Networks are everywhere: from social networks and terrorist networks linking people through the World Wide Web and beyond to biological networks communicating within a cell and from linguistic networks describing how words relate to each other to networks tracking how diseases spread globally. What’s remarkable, says physicist Albert-Laszlo Barabasi—who studies such networks using the methods of statistical physics—is that these seemingly very different systems have many similar properties. This observation has changed the way he views many things. “Ten years ago it would have been easy to say that the cell and the World Wide Web have nothing to do with each other,” says Barabasi. “Yet using some of these network ideas, we were able to show that the architecture of these systems is very similar.”
Growing up in Transylvania, Barabasi wanted to be a sculptor. But strangely, he found he kept winning physics contests, and eventually realized he had more talent for physics than for sculpting—though he still greatly appreciates the arts.
Barabasi first became interested in networks when he worked at IBM as a postdoc, just after earning his PhD in 1994 from Boston University. He had some freedom to study what he wanted, so he decided to learn about networks.
He had also made an observation: “At that time I lived in New York City, and walking through the city I realized there are so many cables under the pavement: Internet cables, phone cables, electricity, water, gas …all those things.” As he thought about these utility networks, it struck him that there must be enormous complexity to these networks. But all the literature at the time treated networks as totally random entities. “There’s no way this could be completely random,” he thought. There had to be more to it, and this observation led him to become more interested in studying networks in more detail.
He wrote his first paper on networks in about 1995. It was rejected by several journals, including two physics journals, he says. “Nobody said it was wrong; everybody said, ‘why do we care about this?’” Which was a legitimate concern at the time, he admits.
In 1995, Barabasi joined the physics department at Notre Dame University. Although he was interested in studying networks, he figured those kinds of networks wouldn’t get him tenure, so he focused his research on materials science at first.
After several years, Barabasi turned his attention back to networks. In 1998, he and colleagues discovered that a large number of networks are what is called “scale free networks.” Classifying nodes in a network based on how many links that the node has, Barabasi found that while the vast majority of nodes have only a few links a few nodes, the hubs, have a very large number of links. The distribution of links follows a power law, Barabasi discovered.

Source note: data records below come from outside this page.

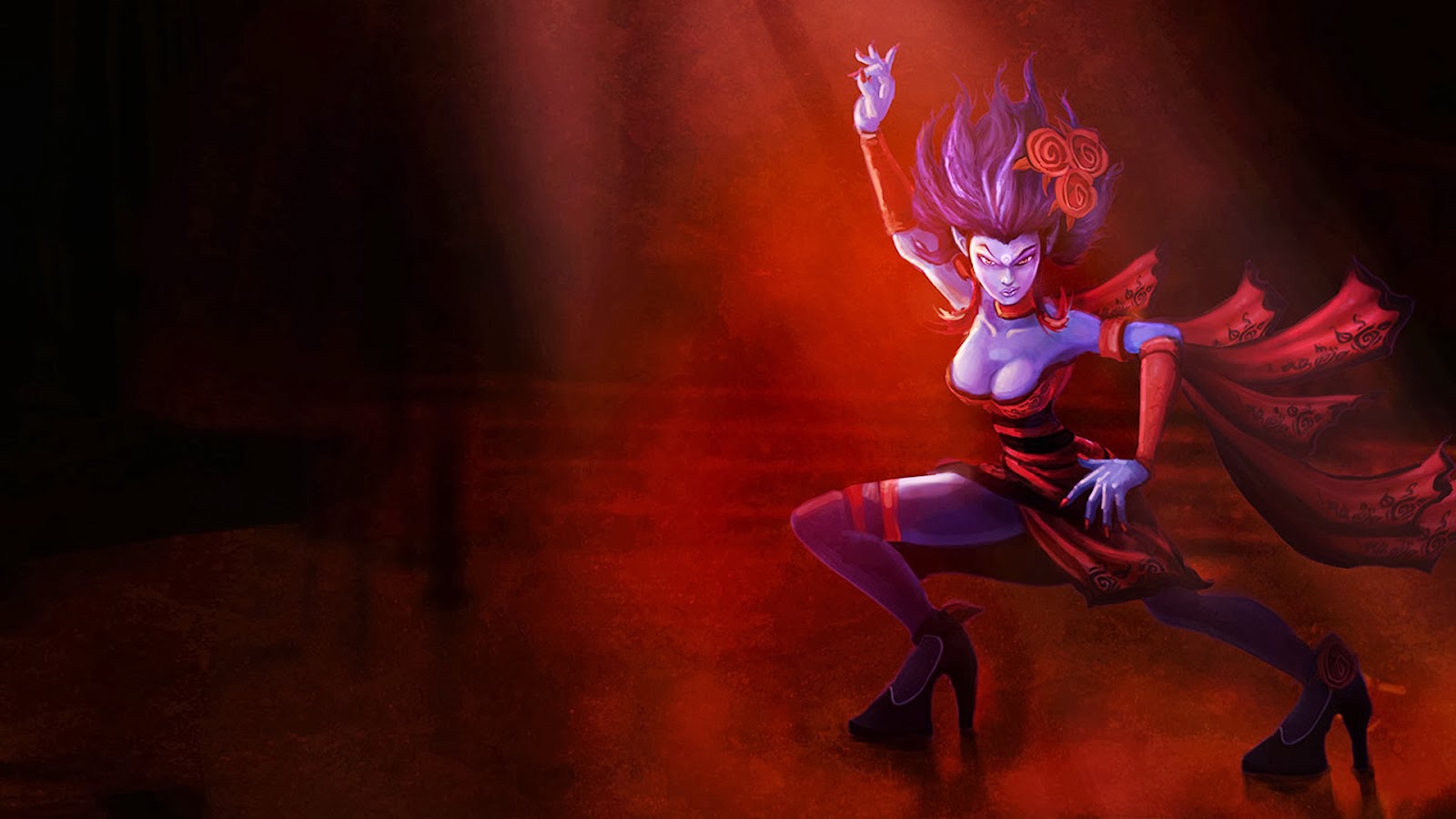 Evelynn's origins are shrouded in mystery - a mystery she herself helps to perpetuate. What everyone does know about Evelynn, however, is that she is one of the most skilled assassins in Valoran. It is clear upon first meeting her that she is not quite human. Some theorize that she was cursed with a mild form of fantastical vampirism as a child. Supporters of this theory contend that her ability to sap the very life essence of her opponents on (and off) the Fields of Justice, while still being able to tolerate direct sunlight, would account for this belief. There is some evidence that Evelynn originally came from the Shadow Isles - the mysterious island located northwest of Valoran that is eternally blanketed by a thick, unnatural fog. It is thought that the Shadow Isles are home to countless forms of undead, though no one seems eager to perform the exploration necessary to find out the truth. Evelynn neither confirms nor denies her connection to Shadow Isles.
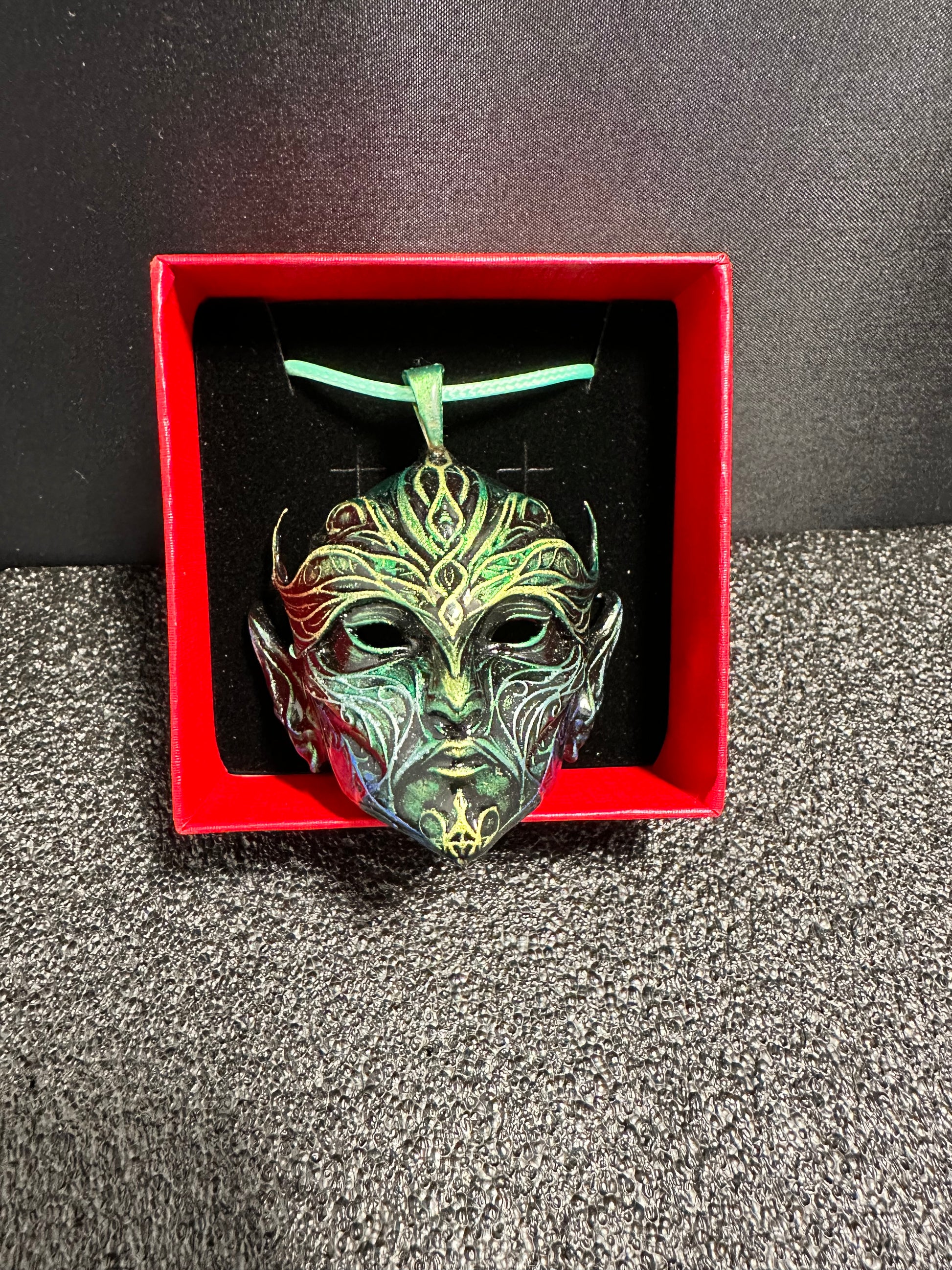 Ce pendentif, aux teintes vertes et dorées, évoque l'abondance et la beauté de la nature. Représentant le visage d'un dieu protecteur de la nature, il est une célébration de la vie végétale et de la terre nourricière.
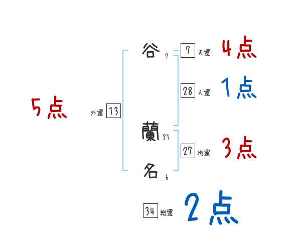 谷蘭名さんの画数の鑑定結果
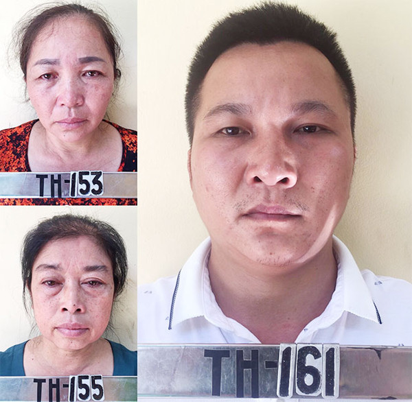 Các đối tượng gồm Lương Văn Nhâm (SN 1982), trú tại huyện Hương Sơn, Vũ Thị Hà (SN 1967), Đinh Thị Thọ (SN 1953), cùng trú tại thị xã Thía Hòa; Hồ Thị Trường (SN 1965), Lê Mai Phương Anh (SN 1995), Nguyễn Văn Hùng (SN 1978), Hoàng Thị Liên (SN 1963), Võ Thị Hải (SN 1965), Nguyễn Văn Tiến (SN 1993), Nguyễn Đức Hùng (SN 1987), đều trú tại thị xã Thái Hòa.

The discovery that many diverse systems exhibit this property helped spark an explosion of interest in network science in the late 1990s, says Barabasi. Physicists, especially, have been attracted to the study of networks. While some networks are small enough to map out, others are so large that one can only trace a small fraction of the nodes and connections, says Barabasi. This is where the tools of statistical mechanics can be useful, he says. Statistical mechanics tries to predict properties of collections of particles, such as molecules in a gas. One can’t possibly track the behavior of the individual molecules, but using statistical mechanics, one can still calculate properties, such as the temperature and pressure, of the gas as a whole. “Networks are not so different in many ways,” says Barabasi. “It turns out that you can say things about the behavior of the whole network even if you just know about a few nodes. This is very similar to what happens in statistical mechanics.”
Some of Barabasi’s recent work involves biological networks. With the human genome sequenced, scientists are realizing that we need to understand how genes interact with each other in networks. Barabasi offers an analogy: “Just having the list of parts of the car will not actually teach you how the car works. If you just have a big bag with the parts of your car, you’re just lost. You need to know which piece is going with which and how they interact together.” One of Barabasi’s recent projects on biological networks involved studying how networks can help us understand diseases related to genes; another project focused on how metabolic networks and their properties can help us learn how to design drugs rather than find them through a trial and error process.
He is also studying the dynamics of networks- not just the nodes and links themselves, but the events that happen on the nodes, and the timing of those events. Barabasi has noticed a variety of interesting phenomena through his research. For instance, he and colleagues recently found that the number of people accessing news stories posted on the internet follows a power law, peaking within a few hours after the story is posted, and decaying significantly after about 36 hours. Barabasi has also written a popular book on networks, called Linked: The New Science of Networks, which came out in 2002.
His work on networks has even influenced the way Barabasi views the world and interacts with others. For example, in his own social and professional networks, he says he pays particular attention to making good use of hubs, those well-connected people who can help him get what he wants. But he has also learned to use the hubs wisely, because those people are often overworked. That’s just one example of how his work has given him a different way of looking at things, he says. “I think that once you adopt the network view, you will have a bit different perspective about the world.”